» **What the task requires**
Your copy should repeat the data that follows exactly and contain no image.

(Dataset extract begins)

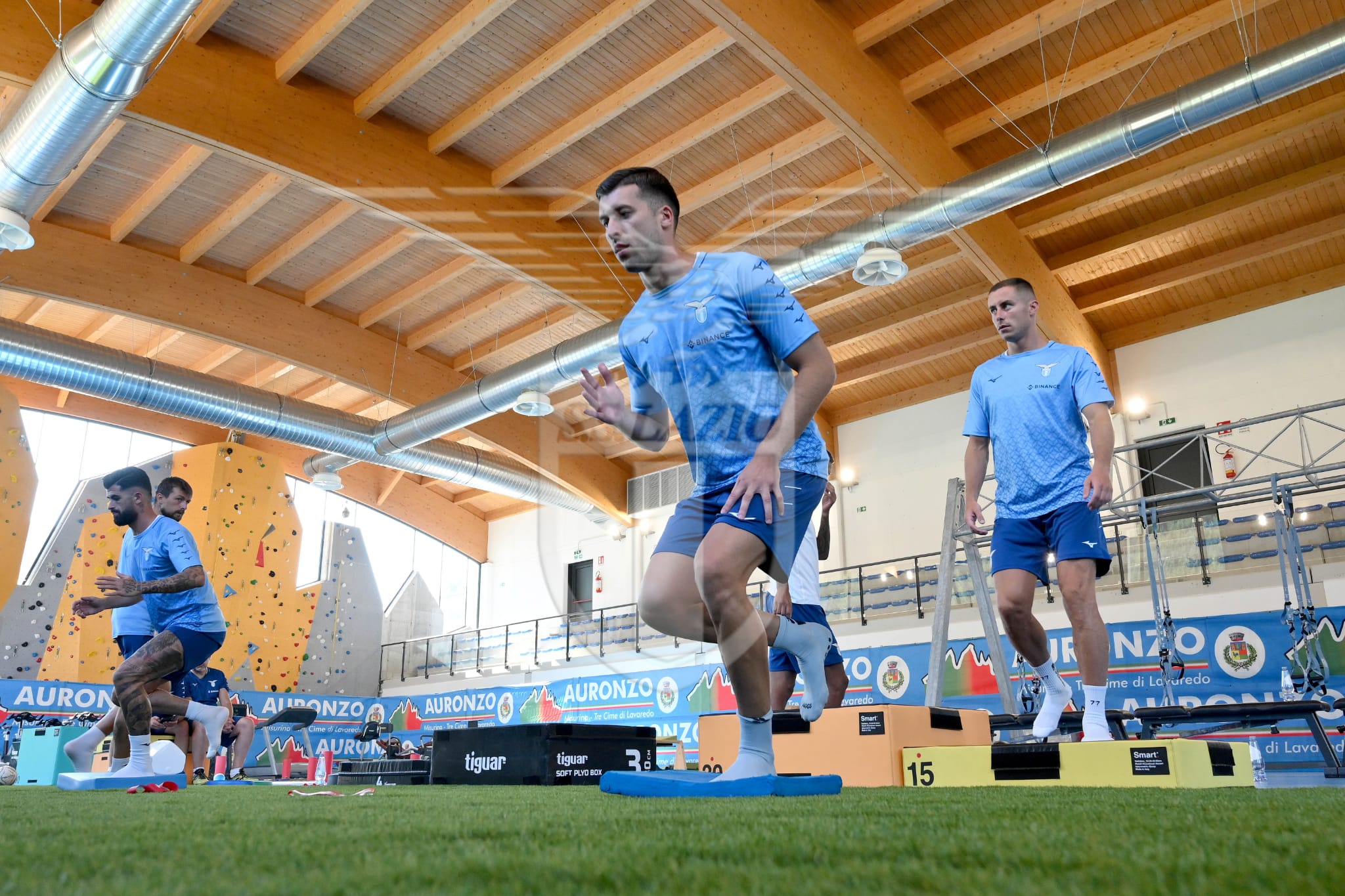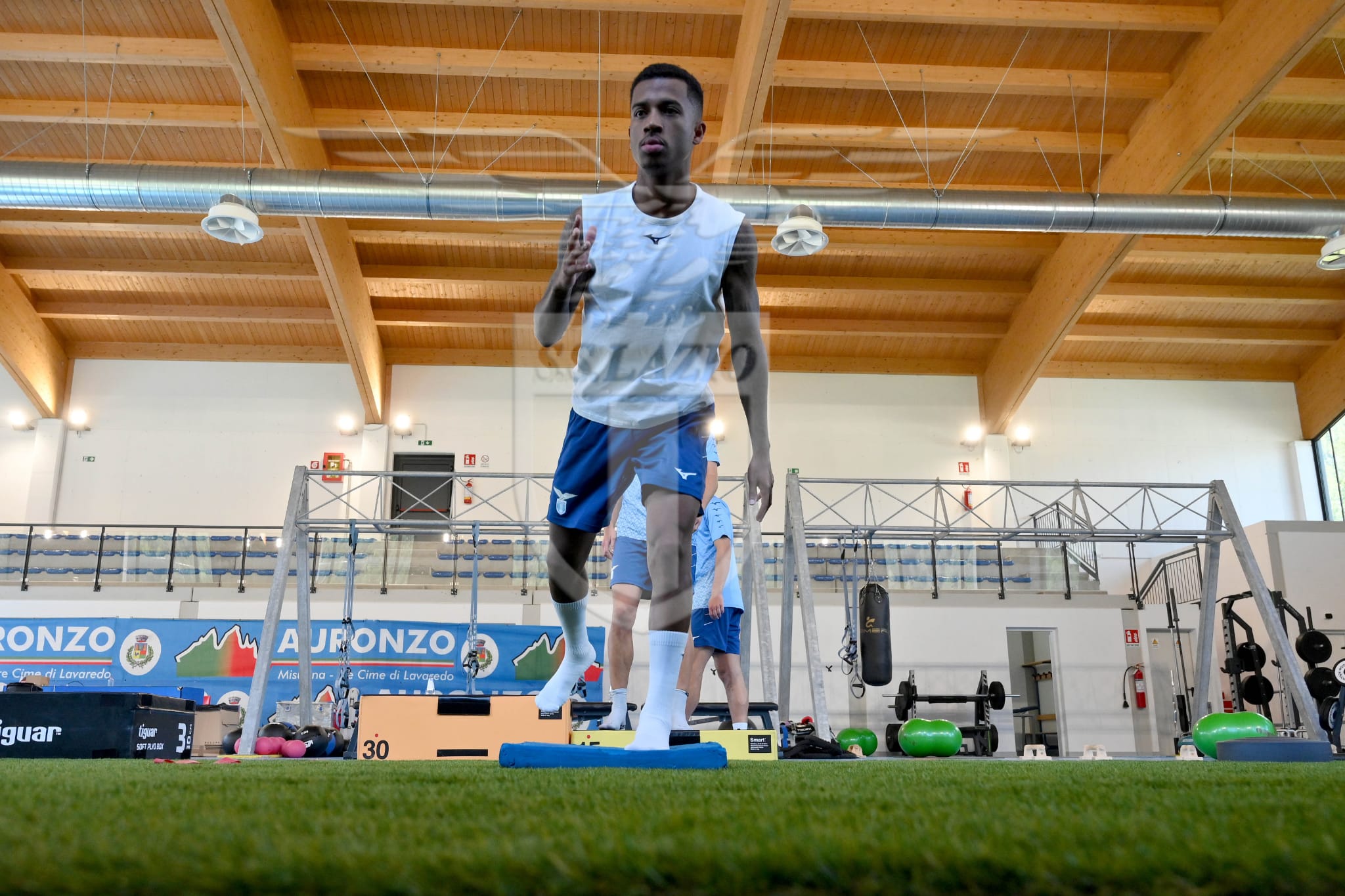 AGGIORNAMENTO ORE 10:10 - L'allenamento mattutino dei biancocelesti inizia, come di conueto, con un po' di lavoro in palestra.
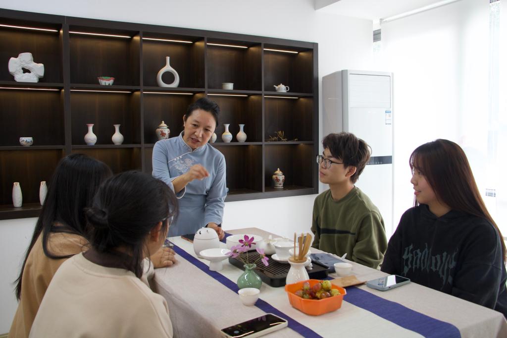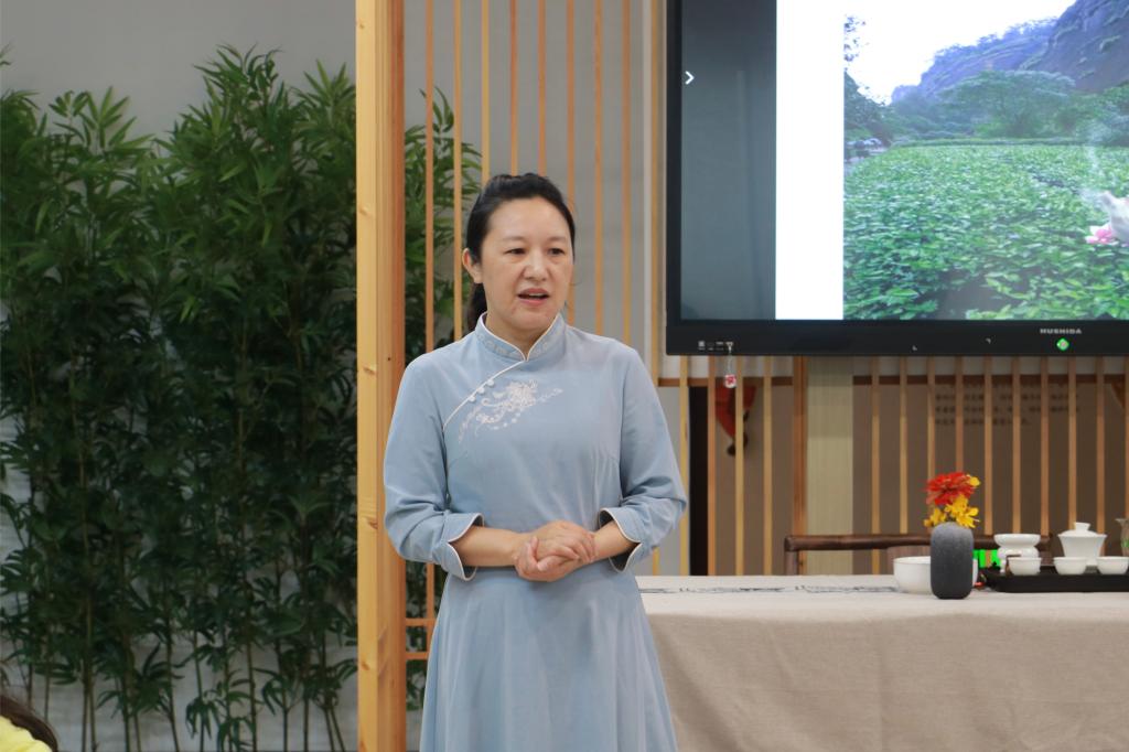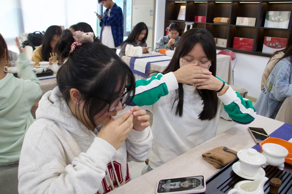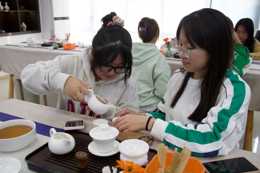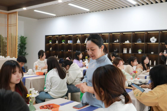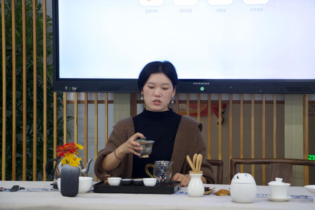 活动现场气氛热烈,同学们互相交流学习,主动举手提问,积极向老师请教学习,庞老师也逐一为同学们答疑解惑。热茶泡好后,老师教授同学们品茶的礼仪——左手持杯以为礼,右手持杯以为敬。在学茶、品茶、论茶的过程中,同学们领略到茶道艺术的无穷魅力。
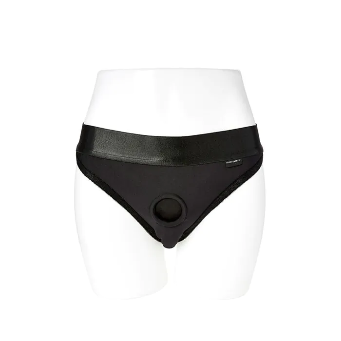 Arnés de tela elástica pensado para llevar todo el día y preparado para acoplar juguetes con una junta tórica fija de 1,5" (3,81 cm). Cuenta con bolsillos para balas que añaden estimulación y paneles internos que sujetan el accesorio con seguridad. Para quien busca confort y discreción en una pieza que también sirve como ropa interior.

(Dataset extract ends)

» **Answer for this exercise**
 AGGIORNAMENTO ORE 10:10 - L'allenamento mattutino dei biancocelesti inizia, come di conueto, con un po' di lavoro in palestra.
 活动现场气氛热烈,同学们互相交流学习,主动举手提问,积极向老师请教学习,庞老师也逐一为同学们答疑解惑。热茶泡好后,老师教授同学们品茶的礼仪——左手持杯以为礼,右手持杯以为敬。在学茶、品茶、论茶的过程中,同学们领略到茶道艺术的无穷魅力。
 Arnés de tela elástica pensado para llevar todo el día y preparado para acoplar juguetes con una junta tórica fija de 1,5" (3,81 cm). Cuenta con bolsillos para balas que añaden estimulación y paneles internos que sujetan el accesorio con seguridad. Para quien busca confort y discreción en una pieza que también sirve como ropa interior.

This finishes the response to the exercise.